Котолин долго молчит. Щёки у неё чуть порозовели, и это, как я понимаю с угрюмым удовлетворением, – больше, чем мне когда-либо удавалось заставить её нервничать. Я готова считать это извращённой победой за несколько часов до моей смерти, но Котолин вдруг разворачивает меня и начинает пропускать мои волосы сквозь пальцы.
Я боюсь говорить, боюсь нарушить этот хрупкий момент, который, кажется, робко наполняется духом товарищества. Я вспоминаю руки Вираг, невероятно ловкие с её шестью пальцами, заплетающие мне волосы в десятки замысловатых косичек, тонких, словно рыбьи косточки. Вспоминаю Жофию, покрывающую меня серебряной краской. Вспоминаю, как они скручивали меня для Охотников, словно призовую свинью, разжиревшую, готовую к ножу фермера.
– Твои волосы невозможны, – фыркает Котолин, но заканчивает мою последнюю косу и завязывает полоской коричневой кожи.
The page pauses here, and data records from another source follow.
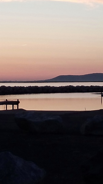 Look to your left and you can see the masts of boats bobbing in the water against the undulating silhouttes of the lagoon ports of Sete, Balaruc and Bouzigues.
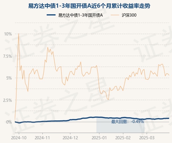 证券之星消息,3月26日,易方达中债1-3年国开债A最新单位净值为1.007元,累计净值为1.1847元,较前一交易日上涨0.02%。历史数据显示该基金近1个月上涨0.19%,近3个月下跌0.21%,近6个月上涨0.79%,近1年上涨2.56%。该基金近6个月的累计收益率走势如下图:
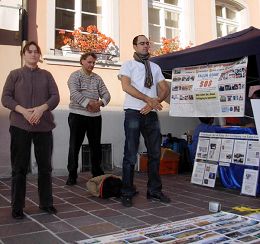 ![]() 不少路人接过真相材料,并签名制止中共迫害法轮功 |
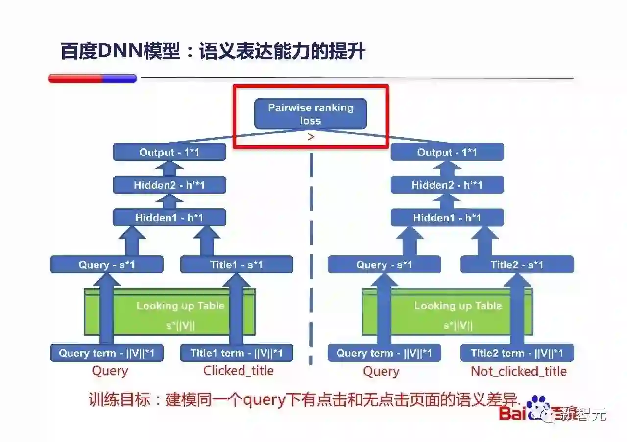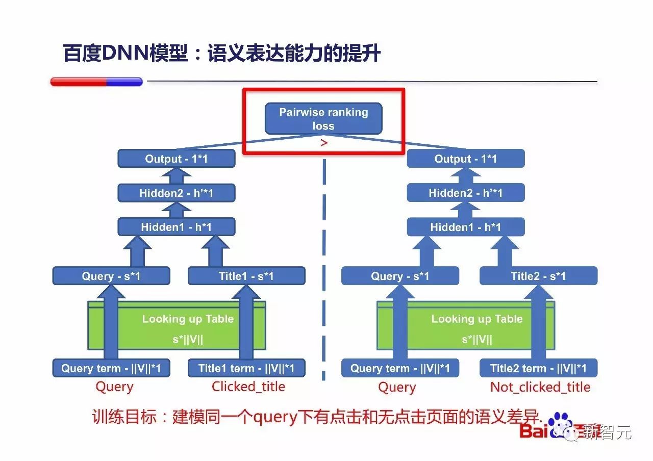该DNN模型的训练是通过同一个Query下有点击和无点击的title构成Pair来进行Pairwise loss的训练的。这样构建训练样本的好处(比如相对DSSM来说),它能够在原有百度很好的页面相关性的基础上进一步捕获微妙的语义差别,让模型来专注于语义的差别。
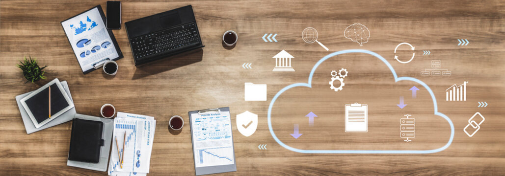 Businesswoman using a computer to document management concept, online documentation database and digital file storage system/software, records keeping, database technology, file access,
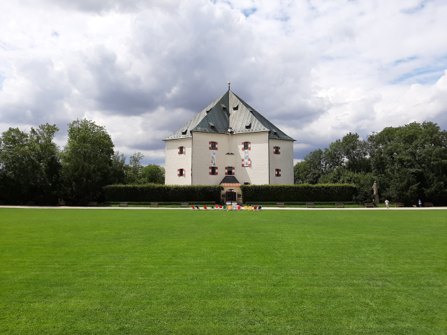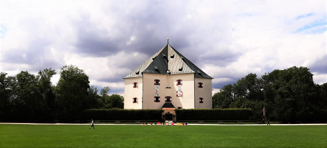 … dass diesmal hier etwas geboten wird, dass über die permanente Ausstellung zur Bauweise und Geschichte des Schlosses hinausgeht, hängen an der Vorderfront des Gebäudes, das in den Jahren 1555 bis 1558 nach einem Planentwurf des Erzherzogs Ferdinand von Österreich (Ferdinand II. von Tirol) in Form eines sechsstrahligen Sterns auf Bílá Hora, dem geschichtsträchtigen Weißen Berg erbaut wurde (im 30jährigen Krieg besiegte hier der katholische böhmische König Ferdinand II. von Habsburg 1620 die Truppen des evangelischen böhmischen Ständestands, der ihn zuvor abgesetzt hatte, und brachte somit die Böhmischen Lande zurück unter die Herrschaft der Habsburger), doch zwei Banner herunter, die auf eine Sonderausstellung zu verweisen scheinen …
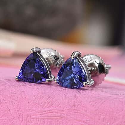 - The pair is decked with trillion cut Tanzanite, a deep midnight blue stone
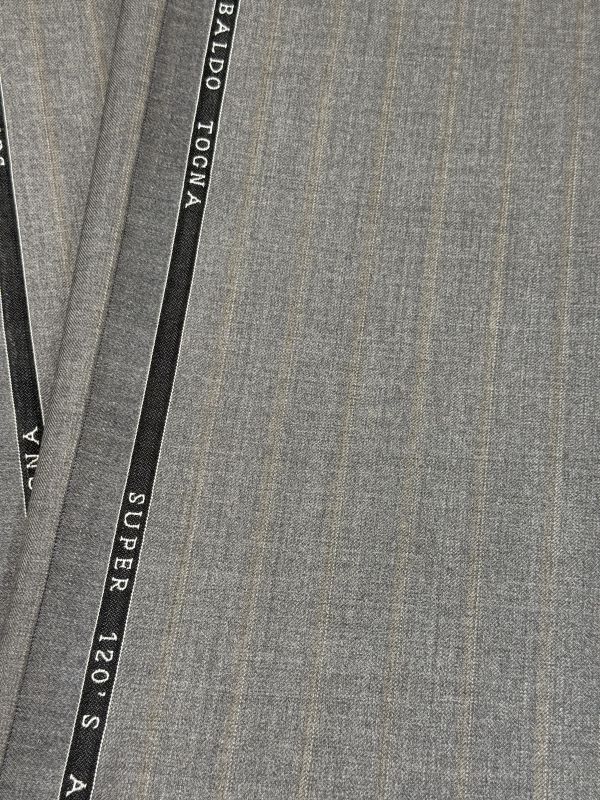 ライトグレーをベースに、オレンジのストライプ、ホワイトのペンシルストライプが重なります。
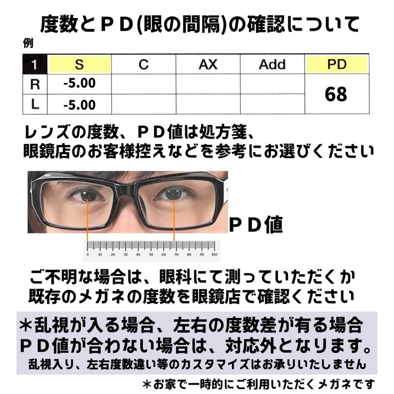 • 【度数とPDをお選びいただきご注文下さい】サイズ項目から「度数」を、色項目から「PD(瞳孔間距離)」をお選びの上、ご注文下さい。《PDとは?》右の瞳孔(黒目の中心)と左の瞳孔(黒目の中心)間の距離を言います(単位mm)眼科さんにて測っていただくことができます。度数とPDをしっかりお選びいただくと、レンズの性能を最大限に活かしたすばらしい見え方を実感いただけます。(あいまいな場合は、調べてからご注文下さい)
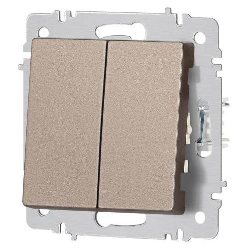 Выключатель 2-клавишный серии Intro Accent скрытой установки механизм цвет бронза 6-104-08. Номинальные характеристики 10А 250В. Выполнен из негорючего термопласта, оснащён винтовыми клеммами. Парные клеммы обеспечивают соединение шлейфом. Монтаж в подрозетник производится и на лапки, и на винты. Рамка приобретается отдельно. В серии представлены рамки до 5 постов: на 1 пост - 6-501-хх, на 2 поста - 6-502-хх, на 3 поста - 6-503-хх, на 6 поста - 4-504-хх, на 5 постов - 6-505-хх (где хх - цветовой код: 01 - белый, 01М - матовый белый, 02 - слоновая кость, 03 - алюминий, 04 - шампань, 05 - антрацит, 06 - перламутр, 07 - графит, 08 - бронза, 09 - титан, 10 - венге, 11 - сосна)
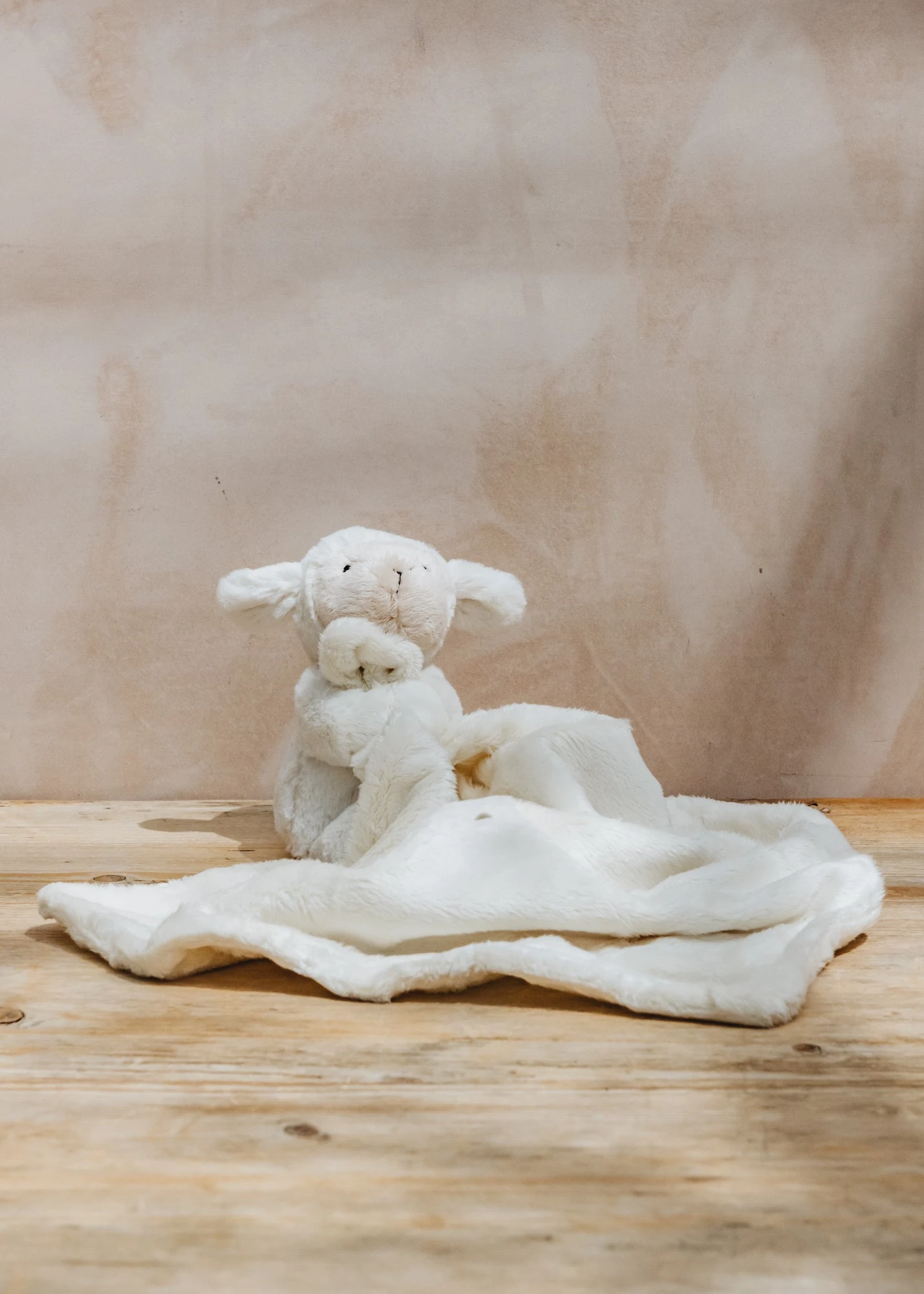 This cream Bashful Lamb Soother is the perfect washable present for a newborn or little one. The small, soft plush lamb holds a square, unfilled soother made of the softest plush, tactile and easy for little fingers to hold. Presented rolled up and tied with grosgrain ribbon.
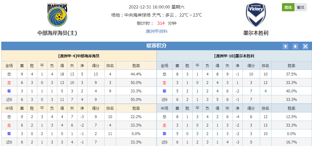 中部海岸海员本赛季澳洲甲成绩4胜1平4负,积分13,排名第4;墨尔本胜利本赛季澳洲甲成绩3胜1平4负,积分10,排名第9
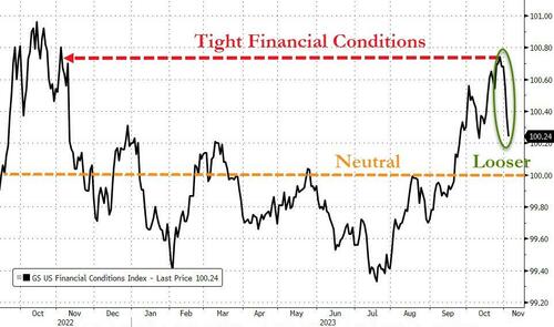 但颇为讽刺的是,仅仅一周多的时间后,随着美国股债市场的携手大涨,美国金融市场的环境已再度迅速转向宽松,高盛金融状况指数的变动就能很好的反映这一点。
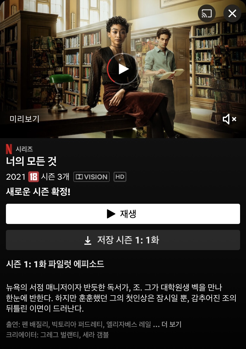넷플릭스의 드라마 시리즈 ‘너의 모든 것(YOU)’ 시즌4의 여주인공이 공개됐습니다 당신의 모든 것은 2018년 시즌1을 시작으로 2021년 10월 시즌3까지 종료가 됐습니다 매 시즌마다 여주인공이 바뀌기 때문에 이번 시즌 여주인공도 새로운 얼굴이 등장할 것임을 암시했습니다.
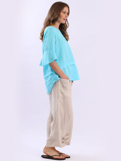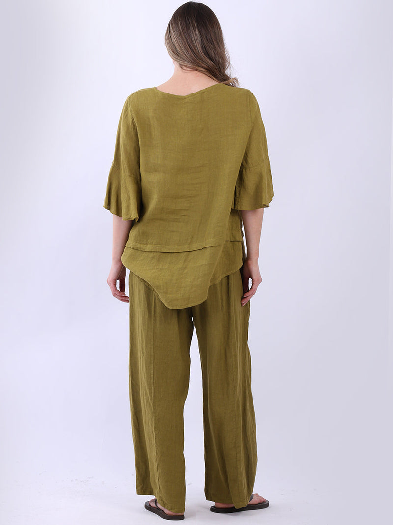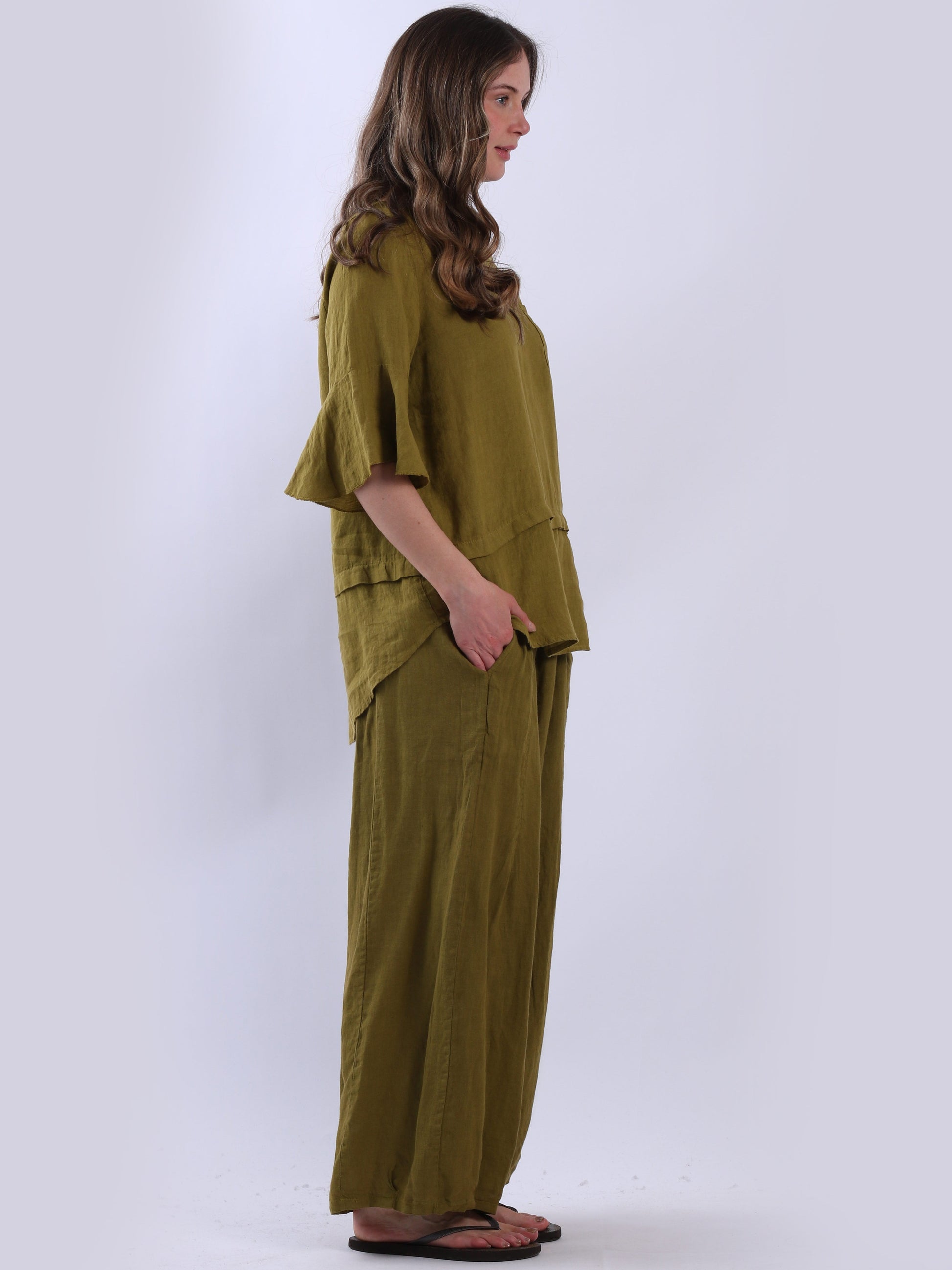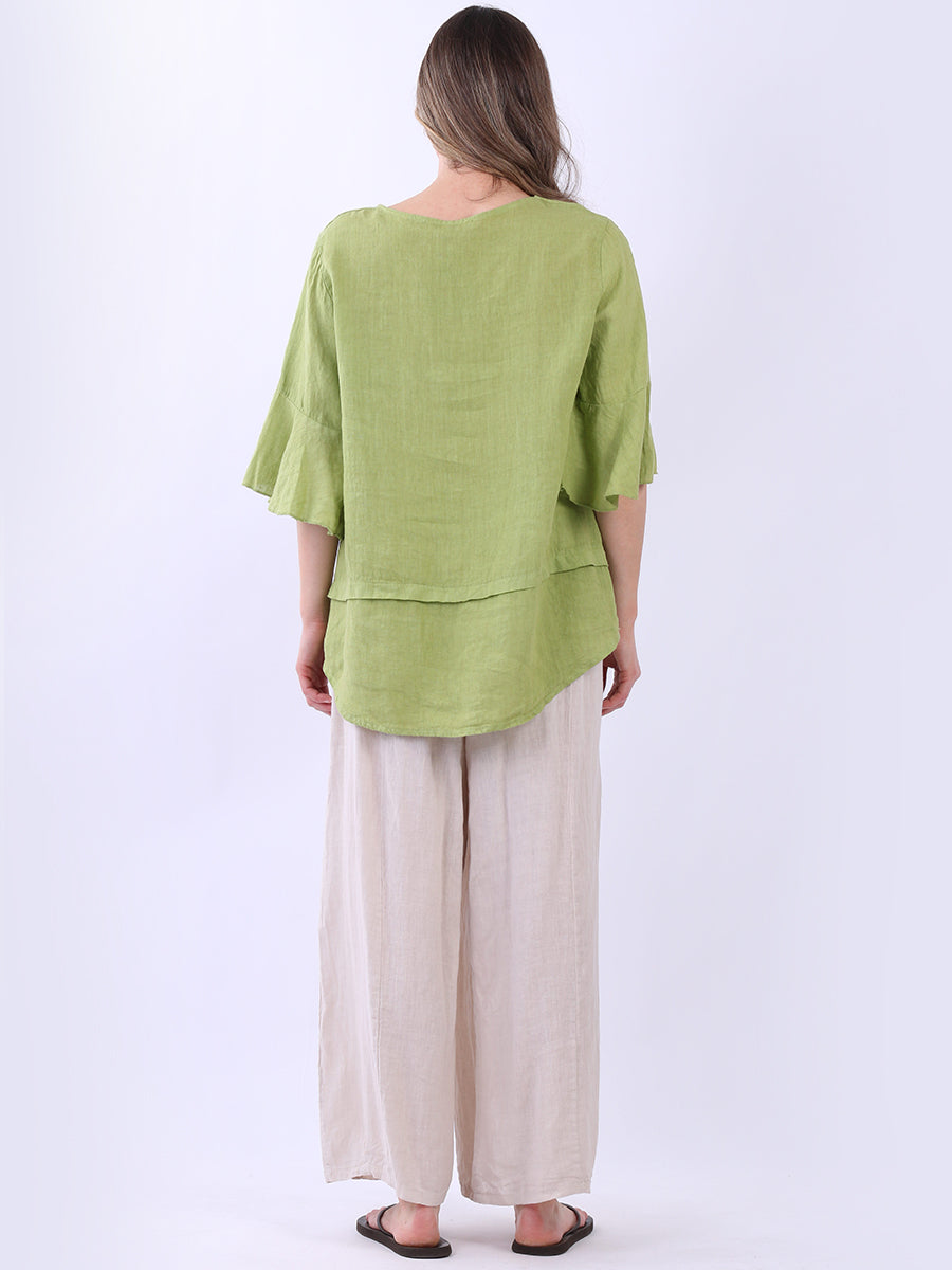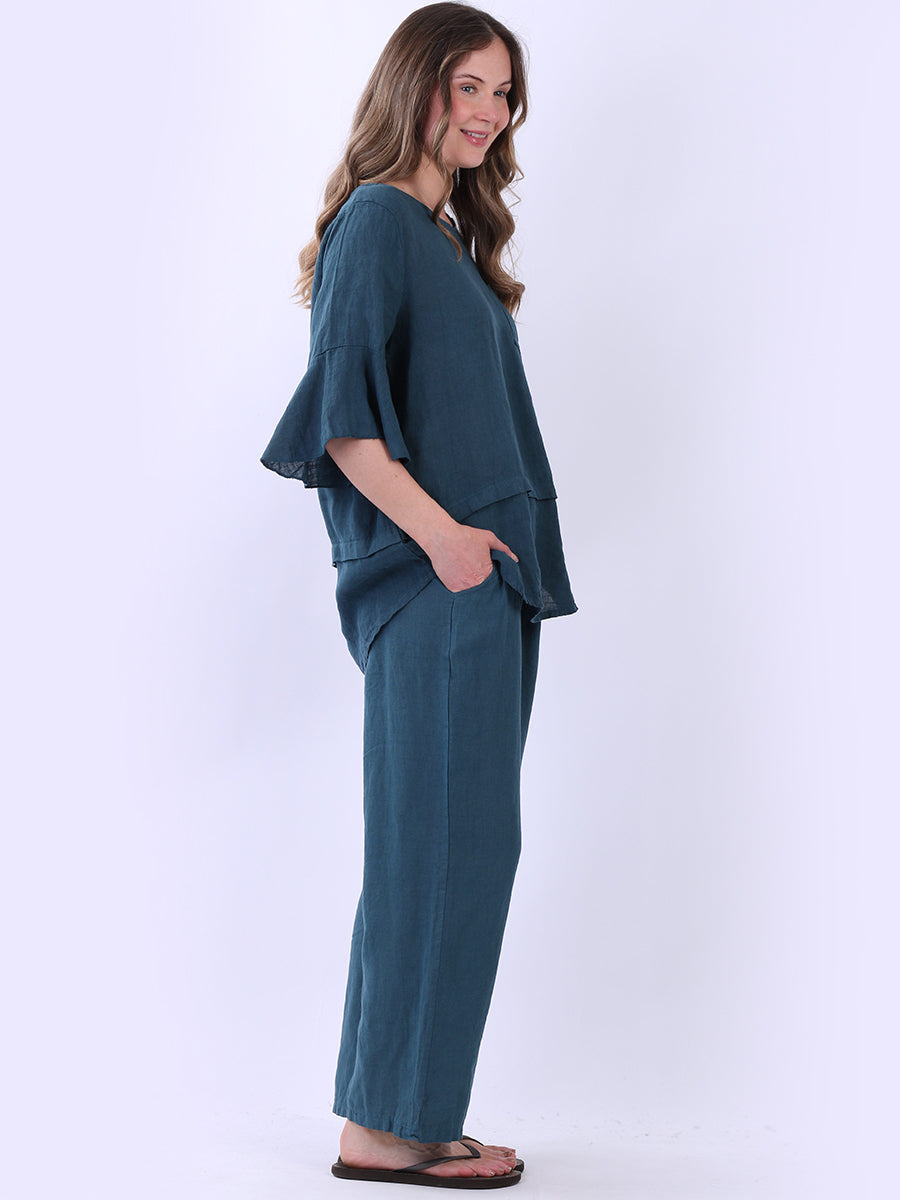 Some clothes feel like a good mood. This solid lagenlook linen top is that quiet, effortless charm, the kind you reach for when skies are cloudy and laughter is easy. Bell sleeves flutter like a whisper, and that little pocket? Perfect for tiny treasures or a crumpled love note.
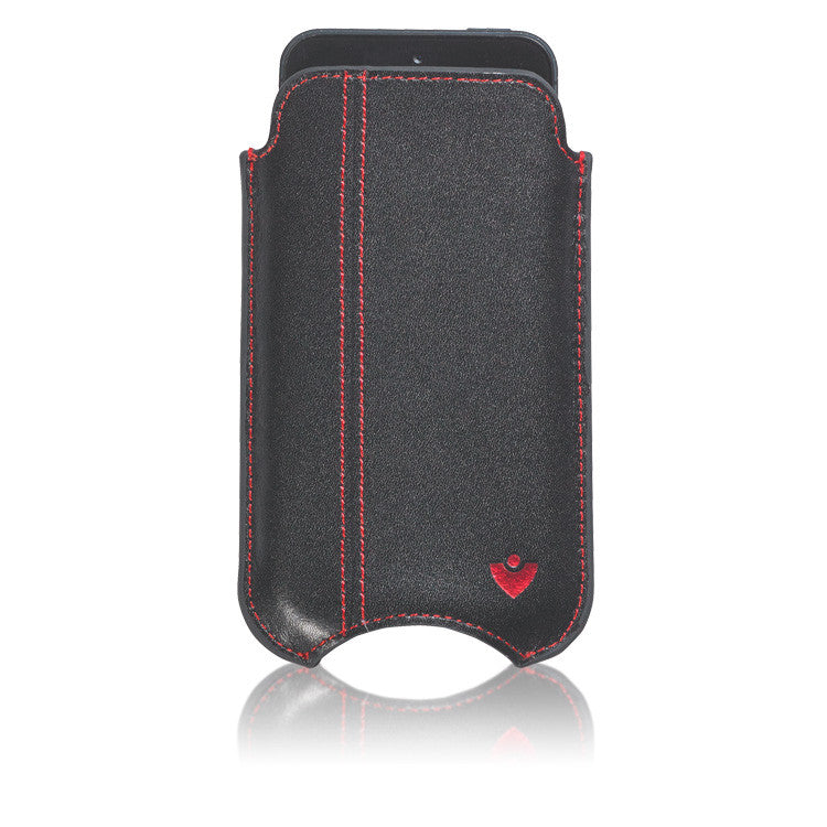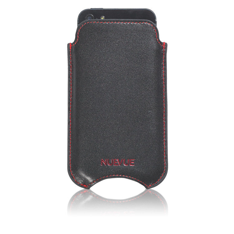 iPhone SE-1st Gen, 5 Pouch Case in Black Napa Leather | Screen Cleaning and Sanitizing Lining.
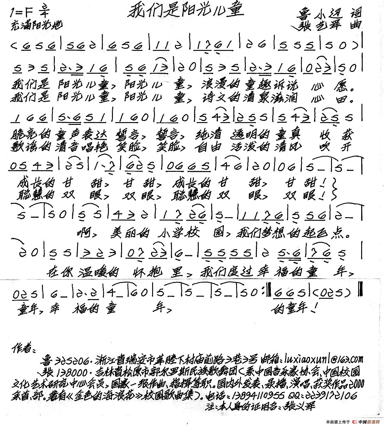 关于《我们是阳光儿童》曲谱的评论

– Наконец-то закончено, – говорю я, глядя в никуда. – Я умру в Кирай Секе, как и должна была.
Котолин издаёт какой-то запинающийся звук, её пальцы на моей голове напрягаются.
– Я никогда не хотела, чтобы ты умирала из-за меня, идиотка.
– А было очень похоже, будто хотела, – отвечаю я. – Учитывая, как сильно ты меня мучила.
– Я не была лучшей…
– Ты была ужасна, – прерываю я.
Котолин с достоинством качает головой:
– Знаешь, что Вираг всегда говорила мне, когда мы оставались одни? «Видящая никогда не дрожит», – говорила она. Глупая старая летучая мышь. Она всегда была добра ко мне, но только потому, что должна была. Я была следующей тальтош, должна была занять её место. Она заставляла меня глотать каждое видение, словно сладкое вино, а не яд, и говорила, что это – доброта. А с тобой у неё не было причин быть доброй, учитывая, что ты бесплодна и всё такое, но она всё равно проявляла к тебе доброту… по крайней мере, между порками. Я ненавидела тебя за это.
Коротко невесело смеюсь:
– Значит, ты была жестока со мной, потому что она была ко мне добра?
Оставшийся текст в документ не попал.